--- INFORMATION SHOWN Enclosed Below ---
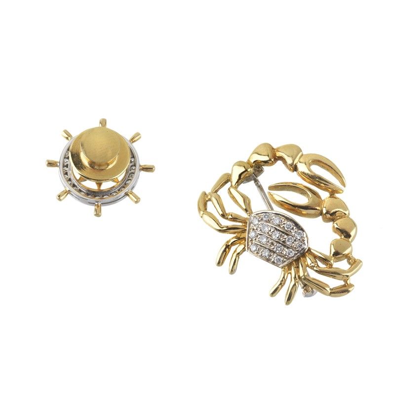 DUE SPILLE A TEMA MARINO in oro giallo e bianco 18kt, una spilla a forma di granchio di dim. cm 3x2,5, accompagnata da un secondo spillo a forma di timone di cm 2x2 circa, impreziosite da diamanti taglio brillante per ct 0.40 circa, punzoni 750 e del fabbricante, gr. 13 complessivi
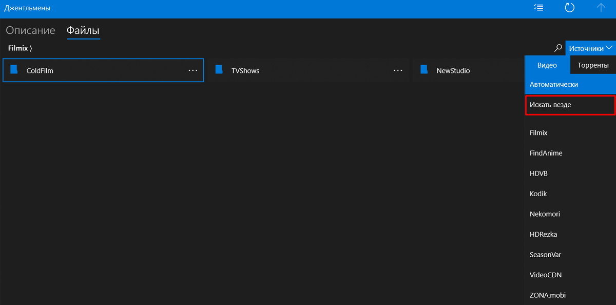 Основной источник (выставлен в параметрах) сейчас "Кинориум" (вторая картинка), но при выборе конкретного фильма можно выставить поиск по всем источникам (третья картинка), смотрите галерею ниже👇):
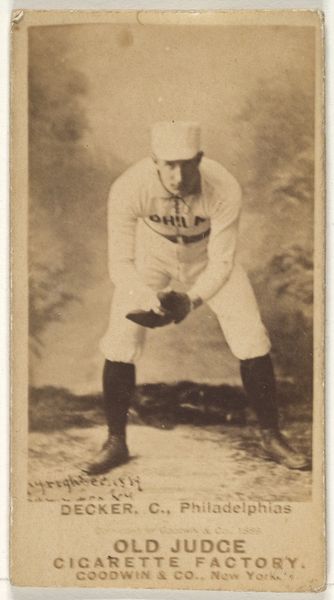 Curator: The portrait before us depicts Peter Jay "Pete" Sweeney, a 3rd baseman for the Washington Nationals, originating from the Old Judge series (N172) crafted for Old Judge Cigarettes in 1889. It resides within the collection of the Metropolitan Museum of Art. What are your initial thoughts? Editor: It has such a strangely muted tone, and it projects an intriguing blend of exhaustion and intense concentration. The tight crop gives me the feeling I'm crowding him. Curator: Interesting take. Let's delve into the making of the print. Goodwin & Company produced these images. Given its purpose as a cigarette card insert, mass production and material accessibility were prioritized. It is not "high art" but an ephemeral commodity meant for mass consumption. Editor: Exactly. And thinking about it historically, placing these cards inside cigarette packs was more than simple marketing. It capitalized on baseball's growing popularity, shaping the public image of athletes and using them to promote consumption habits and norms in the 19th century. Curator: Indeed. The photographic process and print medium afforded a degree of realism, further cementing its cultural relevance. What I appreciate about this piece is how it bridges commerce, photography, and burgeoning celebrity culture. We see here labor processes intimately connected with commercial outcomes. Editor: I see it too. This is also reflected in the way the card’s imagery promoted specific ideologies of sport as entertainment as much as it represented the individual player or team. Looking closer, you can also trace the influence of portraiture's history on the formal presentation here – posing, composition. That connection with established artistic traditions undoubtedly helped to elevate the status of these figures and the game itself. Curator: Precisely. Even the textual components below – "Old Judge Cigarette Factory, Goodwin & Co., New York” – underscore the industrial infrastructure propping up early baseball imagery. It gives me a more critical reading about the nature of spectatorship and commodity exchange. Editor: Considering its origins and audience gives even a simple promotional print added depth. Curator: Right. It underscores how interwoven art, marketing, and cultural trends are, challenging conventional artistic definitions.
--- End of Enclosed INFORMATION SHOWN ---
- EXERCISE INSTRUCTIONS:
Print the whole listing exactly, please, and keep any images out of it.

- SOLUTION:
 DUE SPILLE A TEMA MARINO in oro giallo e bianco 18kt, una spilla a forma di granchio di dim. cm 3x2,5, accompagnata da un secondo spillo a forma di timone di cm 2x2 circa, impreziosite da diamanti taglio brillante per ct 0.40 circa, punzoni 750 e del fabbricante, gr. 13 complessivi
 Основной источник (выставлен в параметрах) сейчас "Кинориум" (вторая картинка), но при выборе конкретного фильма можно выставить поиск по всем источникам (третья картинка), смотрите галерею ниже👇):
 Curator: The portrait before us depicts Peter Jay "Pete" Sweeney, a 3rd baseman for the Washington Nationals, originating from the Old Judge series (N172) crafted for Old Judge Cigarettes in 1889. It resides within the collection of the Metropolitan Museum of Art. What are your initial thoughts? Editor: It has such a strangely muted tone, and it projects an intriguing blend of exhaustion and intense concentration. The tight crop gives me the feeling I'm crowding him. Curator: Interesting take. Let's delve into the making of the print. Goodwin & Company produced these images. Given its purpose as a cigarette card insert, mass production and material accessibility were prioritized. It is not "high art" but an ephemeral commodity meant for mass consumption. Editor: Exactly. And thinking about it historically, placing these cards inside cigarette packs was more than simple marketing. It capitalized on baseball's growing popularity, shaping the public image of athletes and using them to promote consumption habits and norms in the 19th century. Curator: Indeed. The photographic process and print medium afforded a degree of realism, further cementing its cultural relevance. What I appreciate about this piece is how it bridges commerce, photography, and burgeoning celebrity culture. We see here labor processes intimately connected with commercial outcomes. Editor: I see it too. This is also reflected in the way the card’s imagery promoted specific ideologies of sport as entertainment as much as it represented the individual player or team. Looking closer, you can also trace the influence of portraiture's history on the formal presentation here – posing, composition. That connection with established artistic traditions undoubtedly helped to elevate the status of these figures and the game itself. Curator: Precisely. Even the textual components below – "Old Judge Cigarette Factory, Goodwin & Co., New York” – underscore the industrial infrastructure propping up early baseball imagery. It gives me a more critical reading about the nature of spectatorship and commodity exchange. Editor: Considering its origins and audience gives even a simple promotional print added depth. Curator: Right. It underscores how interwoven art, marketing, and cultural trends are, challenging conventional artistic definitions.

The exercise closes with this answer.